I found my Boers liked a certain halter - nylon versus the inexpensive rope halter. I put those on them, used some animal crackers as motivation, and got them to follow me all over the pasture. Then we progressed to going outside the pasture. I take them out to eat some grass on the walks, so it's usually very pleasant, until I'm in the middle getting pulled by two nearly 200 pound girls that both find grass in the other direction they want to eat! But I just make one move in one direction and we're good. 

I use their collars when we are walking in the woods and they are off leash or if it's really hot out and I think they won't follow me and I'll have to chase them. I've found walking them on collars isn't fun for either of us - if they pull I think I'm choking them and it goes downhill from there. With the halters, they may give a head shake or two, but they knock it off pretty quick. Good luck!


----------



## Damfino (Dec 29, 2013)

Halters help a lot. That said, it doesn't usually take months to train goats to walk with you. Usually a couple of weeks to get them going pretty good. The only reason your goat did horribly on your left is because he's accustomed to walking on your right and you totally messed up his day! When leash training I like to switch sides from the beginning so I don't start them in a rut. However, they can learn new things. Have you tried clicker training them at all? I've found that goats learn very quickly with clicker training. When the do something right, click your tongue and immediately offer a reward. Do some research on clicker training techniques (there are lots of websites out there) and start clicker training them at home first. I taught a couple of my goats to follow a target in less than ten minutes the other day. Work with them one at a time so you don't confuse them and get mobbed. Start simple and work up.
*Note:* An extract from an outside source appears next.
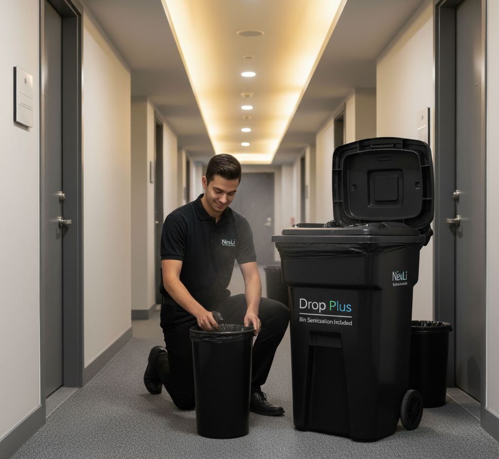 Upgrade your property's cleanliness with nightly doorstep pickup plus bin sanitization. NexLi Drop Plus keeps common areas fresh, residents happy, and your team free from trash duty.

Once they know that the click means, "Good job, do that again!" they start doing their best to please you and get that reward. Then you apply the lessons to leash training. Click and reward when they walk nicely beside you without crossing in front or trying to turn back or eat goodies next to the road. At first it might just be a few steps between rewards, but as you make progress you keep adding more steps between clicks. And you do the same for walking the goat on your other side.

I'm sorry it's been frustrating. I think you might be too critical of yourself and perhaps you aren't expecting quite enough from your goats. You need to be firm and confident in your commands and follow through with making them obey. Then reward generously when they get it right. Don't give up!


----------



## Kenny Battistelli (Nov 29, 2020)

Damfino said:


> Have you tried clicker training them at all? I've found that goats learn very quickly with clicker training. When the do something right, click your tongue and immediately offer a reward.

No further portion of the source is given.